[Start of Attachment]

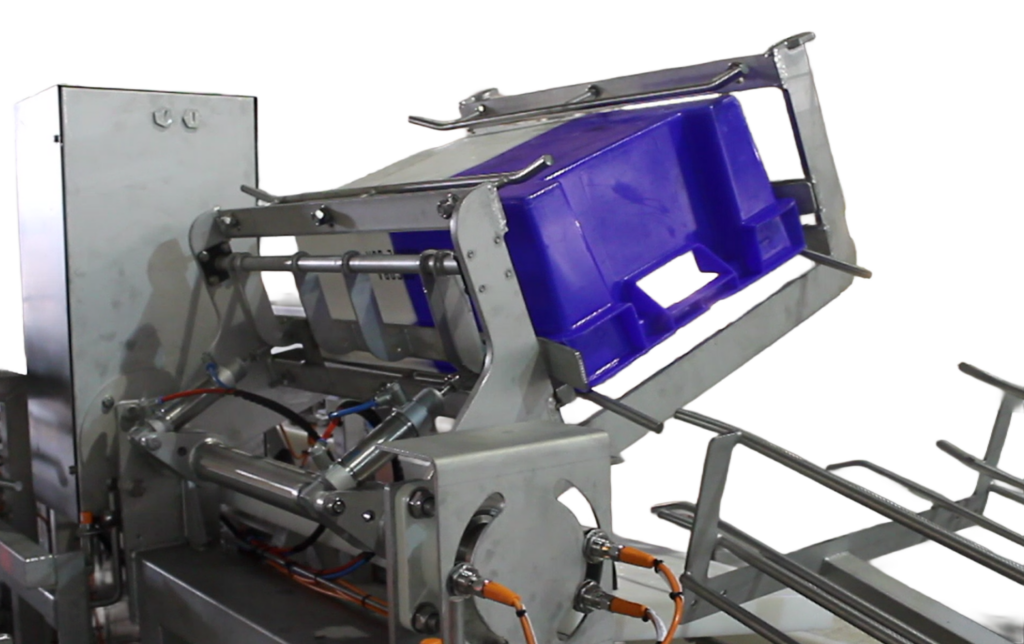 Les bacs contenant les blocs sont introduits manuellement par l’opérateur et acheminés un à un par un convoyeur à chaînes vers la zone de démoulage, où chaque bac est positionné et traité de manière unitaire et sécurisée. Le système assure une séparation précise du bloc de viande sans détérioration du produit, puis transfère les blocs démoulés vers un convoyeur dédié au flux produit.
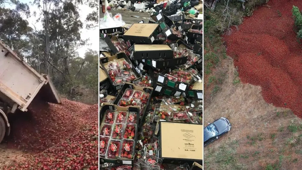 ไม่ปลอดภัยก็ต้องทำลายทิ้ง! ภาพรถบรรทุกขนสตรอเบอรีจำนวนมากไปทำลายทิ้ง หลังพบเข็มเย็บผ้าในสตรอว์เบอร์รี
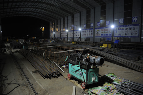 當(dāng)晚21時(shí)許,記者在泰和家園施工現(xiàn)場看到,鋼筋加工棚的工人們正在進(jìn)行鋼筋的切割,他們?cè)跒槊魈焓┕?zhǔn)備鋼筋材料。A1#樓正在進(jìn)行墊層的澆筑工作,A8#樓正在進(jìn)行負(fù)一層及周邊地庫的鋼筋綁扎及模板加固工作,A9#樓正在進(jìn)行負(fù)一層墻柱鋼筋及模板內(nèi)架搭設(shè)工作。現(xiàn)場2臺(tái)鋼筋切割機(jī)在不停地運(yùn)轉(zhuǎn),9臺(tái)塔吊在持續(xù)工作,40余名施工人員在場地內(nèi)各司其職,緊張而有序地趕進(jìn)度,整個(gè)施工現(xiàn)場如火如荼。
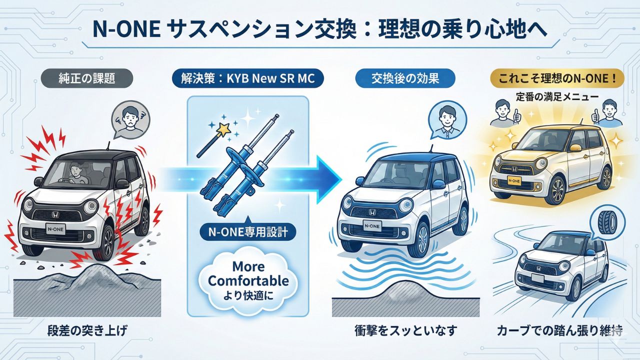 特にKYB(カヤバ)の「New SR MC」のような製品は、N-ONE専用に「より快適に(More Comfortable)」をコンセプトに開発されています。

[End of Attachment]

About this task: The whole listing above is to be printed exactly; the pictures stay out.

Response:
 Les bacs contenant les blocs sont introduits manuellement par l’opérateur et acheminés un à un par un convoyeur à chaînes vers la zone de démoulage, où chaque bac est positionné et traité de manière unitaire et sécurisée. Le système assure une séparation précise du bloc de viande sans détérioration du produit, puis transfère les blocs démoulés vers un convoyeur dédié au flux produit.
 ไม่ปลอดภัยก็ต้องทำลายทิ้ง! ภาพรถบรรทุกขนสตรอเบอรีจำนวนมากไปทำลายทิ้ง หลังพบเข็มเย็บผ้าในสตรอว์เบอร์รี
 當(dāng)晚21時(shí)許,記者在泰和家園施工現(xiàn)場看到,鋼筋加工棚的工人們正在進(jìn)行鋼筋的切割,他們?cè)跒槊魈焓┕?zhǔn)備鋼筋材料。A1#樓正在進(jìn)行墊層的澆筑工作,A8#樓正在進(jìn)行負(fù)一層及周邊地庫的鋼筋綁扎及模板加固工作,A9#樓正在進(jìn)行負(fù)一層墻柱鋼筋及模板內(nèi)架搭設(shè)工作。現(xiàn)場2臺(tái)鋼筋切割機(jī)在不停地運(yùn)轉(zhuǎn),9臺(tái)塔吊在持續(xù)工作,40余名施工人員在場地內(nèi)各司其職,緊張而有序地趕進(jìn)度,整個(gè)施工現(xiàn)場如火如荼。
 特にKYB(カヤバ)の「New SR MC」のような製品は、N-ONE専用に「より快適に(More Comfortable)」をコンセプトに開発されています。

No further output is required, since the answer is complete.